Un accordo tra Gus e Comune per l’integrazione dei migranti

I numeri stanno diventando sempre più grossi, così come le morti in mare assumono cifre immaginabili: ma come poter dare una risposta al fenomeno immigratorio, che sta assumendo sempre più i contorni di una emergenza planetaria e l’Italia è fortemente investita da questo fenomeno? Lo Stato Italiano sta cercando di gestire tale fenomeno con il soccorso in mare e l’accoglienza dei migranti soprattutto attraverso le sue ramificazioni sul territorio che sono le Prefetture.

A tal proposito la Prefettura di Macerata ha già stipulato una serie di convenzioni con l’Associazione G.U.S. “Gruppo Umana Solidarietà G. Puletti” che ha dislocato su varie strutture del territorio di Tolentino un certo numero di migranti richiedenti protezione internazionale.

In questo contesto la Prefettura di Macerata, il GUS e il Comune di Tolentino hanno deciso di sottoscrivere nelle prossime settimane due convenzioni per poter permettere ai migranti ospitati di poter svolgere attività di volontariato a favore della comunità locale per rendersi utili ed allacciare corrette relazioni con il tessuto sociale di Tolentino.
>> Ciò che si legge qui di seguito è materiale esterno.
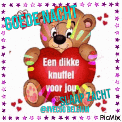 A cute teddy bear holds a red heart with a 'Good Night, A big hug for you, Sleep Softly' message.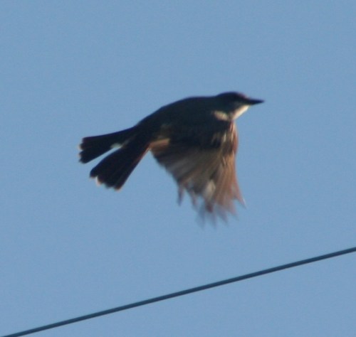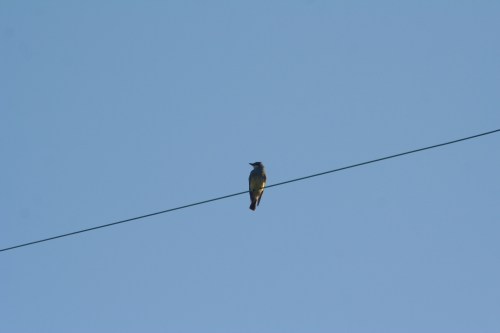 Taking pictures of hawks and other birds near sunset yesterday, I originally thought this was a mockingbird. We’re lousy with mockingbirds this summer (including this nest which gave us three more) and there were a couple others sitting on the wires nearby.

La convenzione che sarà stipulata con la Prefettura di Macerata è propedeutica all’accordo con il Gus e stabilisce che nel quadro dei principi di leale collaborazione tra Stato e sistema delle autonomie e di cooperazione interistituzionale si intende promuovere ogni opportuna iniziativa per garantire processi di sinergia istituzionale che assicurino la valorizzazione dei territori e la risoluzione delle problematiche a più alto impatto sociale.

Quindi l’Amministrazione comunale di Tolentino, interessata dalla presenza dei cittadini stranieri, è intenzionata ad individuare servizi ed attività utili alla collettività e realizzabili attraverso attività di volontariato, in quanto è consapevole del valore strategico rivestito dalle azioni concrete di integrazione sul territorio finalizzate a promuovere la conoscenza reciproca e che consentano quindi, al territorio ospitante, di conoscere direttamente le vicende umane, politiche e geografiche delle persone ospitate.

Le attività cui possono essere impegnati i richiedenti protezione internazionale debbono inserirsi nel contesto degli interventi di carattere culturale, sportivo, educativo, ambientale, di protezione civile, di servizio alla collettività e di inserimento sociale che li facciano sentire partecipi della realtà locale che li ospita.

Al Comune di Tolentino spetta il compito di istituire il tavolo tecnico di coordinamento che provvede al monitoraggio della presente intesa, al confronto e allo scambio di informazioni, nonché alla promozione di strategie di intervento congiunte e di buone prassi mentre gli enti gestori dei progetti di accoglienza per richiedenti protezione internazionale di Tolentino avranno cura di diffondere, ai beneficiari dell’accoglienza, la cultura della partecipazione attiva.

Nella convenzione che sarà sottoscritta con il Gus si precisa che l’Amministrazione comunale ritiene importante sostenere il coinvolgimento degli immigrati, ospitati con i programmi di accoglienza temporanea, nella vita della comunità cittadina e che lo svolgimento di attività socialmente utili potrebbe generare un duplice beneficio, creando da un lato un’occasione per i cittadini stranieri per sentirsi valorizzati e realmente integrati nel tessuto sociale e dell’altro un contesto positivo di prevenzione rispetto allo sviluppo di eventuali tensioni o fenomeni di intolleranza.

Quindi il Comune di Tolentino ed il GUS hanno individuato alcune attività di pubblica utilità da proporre ai cittadini stranieri richiedenti protezione internazionale: manutenzione del verde pubblico, manutenzione stradale, manutenzione del patrimonio comunale, partecipazione ad iniziative organizzate o patrocinate dal Comune, partecipazione a percorsi ed attività educative, ricreative, e sociali finalizzate alla promozione della cultura della solidarietà e dell’integrazione.

L’adesione del cittadino straniero è libera, volontaria e gratuita e comporta l’impegno, sottoscritto con un “Patto di volontariato”, a svolgere una o più attività, individuali o di gruppo, in relazione alle modalità organizzative individuate dal Comune e dal GUS.